Just be direct, especially if the guy gets other attention but isn’t seeing anyone he’s either oblivious or look for someone to be real with him. My vote just tell him the thoughts you have of his attractiveness and whatnot that’s what guys do… also learning lesson… pay attention to what guys compliment about you that’ll tell you what they’re after
“Hello. I find you attractive. Let’s do sex together.”
Laughing at jokes if he’s witty. Had a gal grab my arm and say I was awesome. That was clear.
Show bobs and vagene
Say my pubis needs dusting! Is your dust buster shaft working ?
Haven’t seen an answer on the second question, but aside from my last failed relationship, nothing women have done has worked. With said last relationship- she talked enough initially to make it known she wasn’t wasting my time or her time. Since then? Absolute fuck all. Solid… EXTENDED eye contact? So obvious right? Nothing. SOLID EXTENDED EYE CONTACT WITH A SMILE…. nothing. I’ll save the caps lock for this last one. Extended eye contact, a smile and being in my vicinity/ hovering? So obvious right? I mean how oblivious can men be?nothing. Solid Extended eye contact with a smile, being in my vicinity and a hey…. yeah nothing. Each of these incidents included a short convo and an inevitable asking out for coffee… and each was followed up with a response of no. This is the persuers paradox. Just because you go after something – doesn’t mean you will get it.
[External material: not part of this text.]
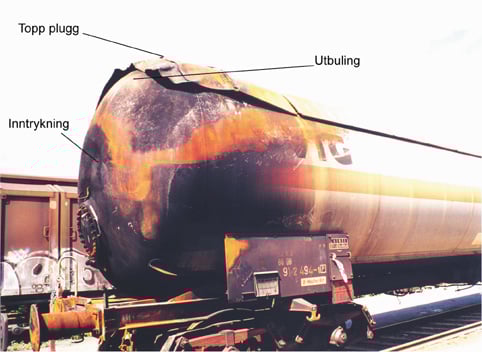 Den observerte utbulingen på tanken til vogn nr. 1 er mest sannsynlig et resultat av plastisk deformasjon som følge av høy temperatur og høyt trykk under brannen. Utbulingen indikerer derfor at tankmaterialet har vært overbelastet med hensyn til plastisk deformasjon. Testresultater fra lignende materialer viser at både flytegrense og strekkfasthet avtar betydelig ved opphøyde temperaturer samtidig som forskjellen mellom disse størrelsene blir liten. De nevnte testresultatene indikerer derfor at tankmaterialet vært nær bruddbelastning under brannen.

If you can’t handle a no, you’re not an adult – you are a child. Grow up and grow a pair. Social starfishing doesn’t cut it. If you want something you’ve never had, you have to do something you’ve never done. Apologies if this came off as harsh.
Let’s put it this way – I once had a woman grab my hand and practically put them on her crotch while she was grinding her ass against me, and I didn’t take it as an invitation. Be very explicit and either use your words or do something so overly sexual that I can’t misinterpret it. I once had a woman grab my shirt and kiss me, and that worked.
One of my friends got married, the way they met was she walked up to him and asked him “is this seat taken” and pointed to his face.
So that works, i guess.
No hints, be direct.
Just come talk to me and be up front about what you want.